Editorials

Rep. Riley fights for economic development program

       State Representative Al Riley, D-Olympia Fields, is fighting to obtain more funding to promote economic and community development.

      State Representative Al Riley, D-Olympia Fields, sponsored a bill to secure $1.5 million in funding for the Cook County Tax Reactivation Project. The program helps municipalities acquire clear title to abandoned or tax-delinquent properties through the No Cash Bid process. The acquired parcels can then return to the tax rolls after effective marketing of the sites for commercial, industrial or residential development.

       Riley successfully passed the Tax Reactivation Project bill out of the House of Representatives.  The measure is presently in the Senate Rules Committee.  “During my prior service as a local elected official, I actually saw the Tax Reactivation program at work—revitalizing abandoned properties in different communities,” Riley said. “The program helped to transform entire neighborhoods and got blighted properties back on the tax rolls. This bill will assist in helping communities flourish instead of decline. It’s an essential community and economic development tool that we need, especially in the Southland.”

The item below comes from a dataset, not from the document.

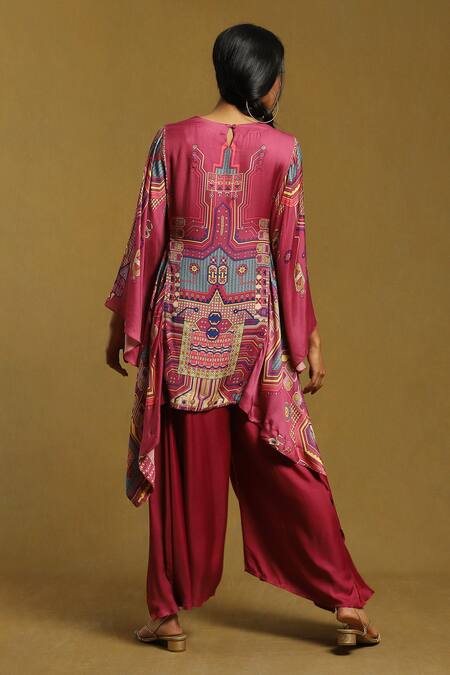 Purple kaftan style kurta featuring geometric circuit pattern prints, paired with palazzo. The kurta has batwing sleeves and a round neckline with an asymmetric hem cut.

Riley said that when he found out the Tax Reactivation Project might not be renewed after its planned 2008 sunset date, he "worked on this bill with tunnel vision, trying to beat the filing deadline.”

        Manny Hoffman, community relations director for the Cook County Tax Reactiviation Project, said the passage of this bill "will mean communities in the south suburban area will have an instrument to allow them the funding they need to take empty parcels of land and turn them into completed parcels of taxable land for the community to use.  Rep. Riley has worked behind the scenes with both Republican and Democratic lawmakers to get teh present bill to where it is today." 

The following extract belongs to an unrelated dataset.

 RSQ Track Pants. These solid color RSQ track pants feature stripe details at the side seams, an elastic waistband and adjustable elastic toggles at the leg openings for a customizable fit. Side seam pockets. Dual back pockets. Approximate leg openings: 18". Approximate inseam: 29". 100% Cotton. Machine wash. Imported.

       Cook County Assessor James Houlihan thanked Rep. Riley and south suburban legislators "for their continued hard work in trying to secure the critical funding needed for the continuation of the Cook County Reactivation Project.  This project has resulted in delinquent properties being purchased, marketed and sold to responsible owners.  It has not only contributed to the local tax base in many areas of the county, but has also brought much needed jobs and renewed sense of enthusiasm and pride back to communities."

       The Tax Reactivation Project, created in 2000, was originally intended to promote economic development for south suburban Cook County. Because of its success, it was expanded to include all of Cook County in 2006.